Wybacz, ale inaczej nie Potrafię cz.25 - OstatniaJeszcze tego samego dnia, jako przyszła matka opuściłam teren szpitala. Zrobione mi zbędne badania wykazały, że był to szósty tydzień. Chociaż była to jeszcze wczesna ciąża i wszystko mogło się zdarzyć, nadal nie wierzyłam we własne szczęście. Z jednej strony czułam ten dziwny lęk, ten, który nie chciał minąć, strach jak sobie poradzę, czy powinnam, ale z drugiej radości nie było końca. Suzy musiała jeszcze zostać, by sprawdzić, czy dziecko nie będzie miało żółtaczki. Pasowało nam to, bo chcieliśmy przygotować wszystko na ich przyjazd, na pojawienie się dziecka w domu, na pojawienie się nowego członka rodziny.
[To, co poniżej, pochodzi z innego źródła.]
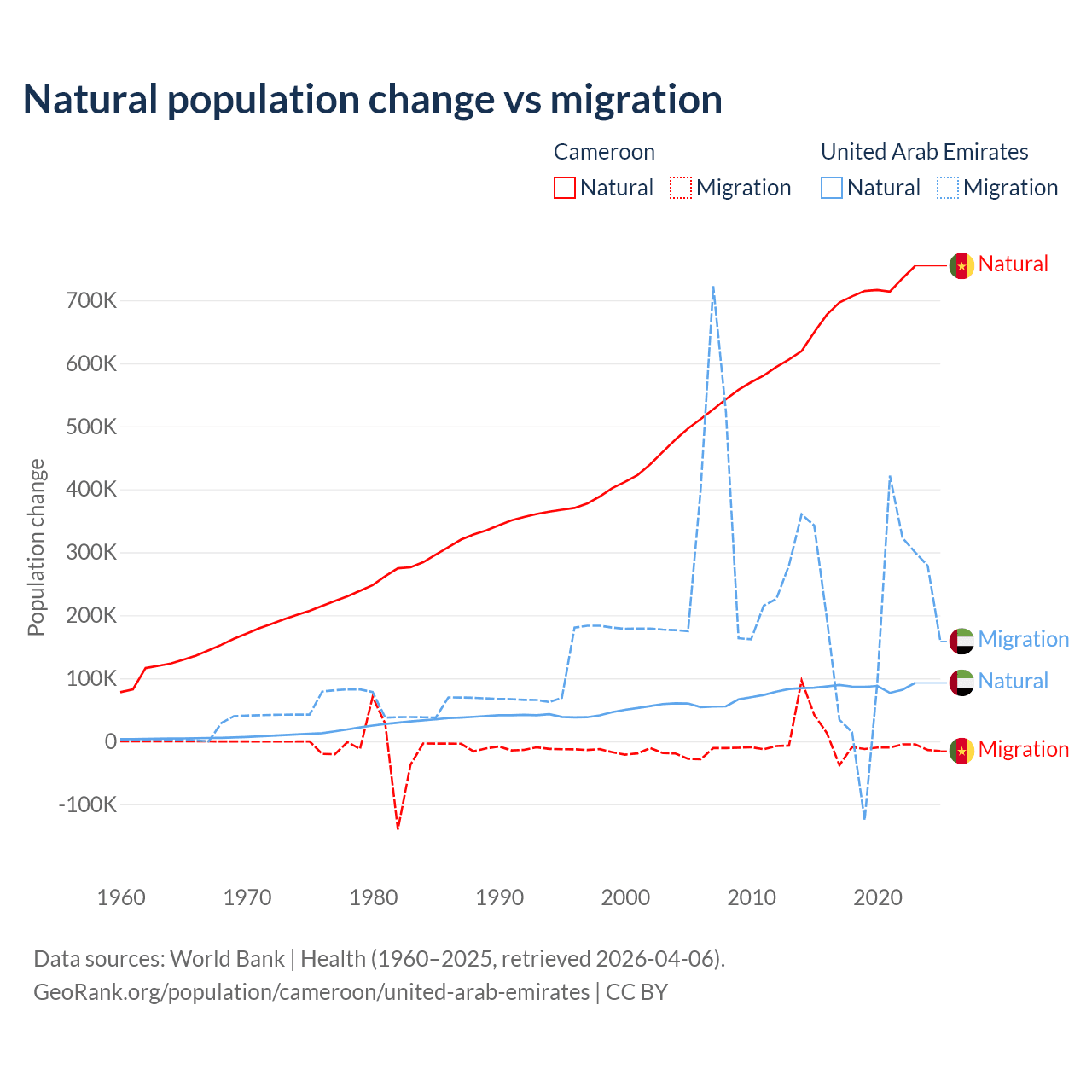 Over the last 10 years, 99.1% of the population change in Cameroon is from natural causes (a gain of 6,982,395 people) and 0.9% is from migration (a gain of 63,139 people). In the United Arab Emirates 30.5% is from natural causes (a gain of 857,996 people) and 69.5% is from migration (a gain of 1,958,520 people).

- Córeczko - odezwał się ojciec wzruszonym głosem. Nic nie powiedziałam. Patrzyłam na rodziców i wciąż tak bardzo trudno było mi w to wszystko uwierzyć. Miałam wszystko to, co kobieta może pragnąć. Wreszcie po tylu latach, po tylu wydarzeniach, po tylu wylanych łzach odzyskałam dozgonną miłość rodziców, miłość, której brakowało mi bardziej niż sądziłam, za którą tęskniłam latami, płakałam. Nie chciałam wracać do tego co było, do wszystkich złych wydarzeń, teraz nie miało to znaczenia.Miałam wspaniałą siostrę, która zrobiła dla mnie o wiele więcej niż mogłabym sobie wymarzyć. Miałam cudownego faceta, który cały czas dumnie krążył u mego boku i miałam jeszcze coś, coś czego brakowało mi latami, o czym bez przerwy marzyłam - dziecko. Wreszcie mogłam powiedzieć, że jestem spełniona jako kobieta, że wreszcie po tylu wydarzeniach uśmiechnął się do mnie los, chociaż może uśmiechnął się wtedy, gdy w progu Suzy mieszkania stanął Sławek i bez ostrzeżenia wkradł się do mego serca? gdyby nie on, nie wiem kim byłabym teraz, co bym robiła. Gdyby nie on nie potrafiłabym dostrzec tego, co dostrzegłam teraz, a czego nie widziałam kiedyś. Zmienił mnie, teraz mogę powiedzieć to na głos Sławek mnie zmienił, a ja pragnęłam tej zmiany. - Jak dobrze widzieć Cię taką uśmiechniętą - powiedziała mama. W samochodzie wciąż byłam tak bardzo zaskoczona tym co się ostatnio działo w moim życiu, byłam trochę zmęczona nagłymi zmianami, ale nie chciałam się zatrzymywać. Dość czasu poświęciłam stojąc w miejscu. Kiedyś, gdy opuszczałam te więzienne mury nigdy nie przypuszczałabym, że będę potrafiła wybaczyć moim oprawcom. Wtedy jeszcze nie przepuszczałam, że wszystko tak dobrze się ułoży. Teraz potrafiłam przebaczyć mecenasowi Konradowi i jego koledze. Teraz potrafiłam zamknąć tamten rozdział i powiedzieć wybaczam. Wiedziałam, że takiego samego wybaczenia potrzebuję od żony faceta, którego zamordowałam. Nie chciałam jej nachodzić, nie chciałam rozdrapywać starych ran dlatego też postanowiłam napisać jej tylko list. długi list, w którym wszystko jej wyjaśniam. Nie wiem dlaczego akurat teraz do tego wracam, ale chyba tak naprawdę potrzebuję jej rozgrzeszenia by już na dobre zamknąć to i zostawić za sobą.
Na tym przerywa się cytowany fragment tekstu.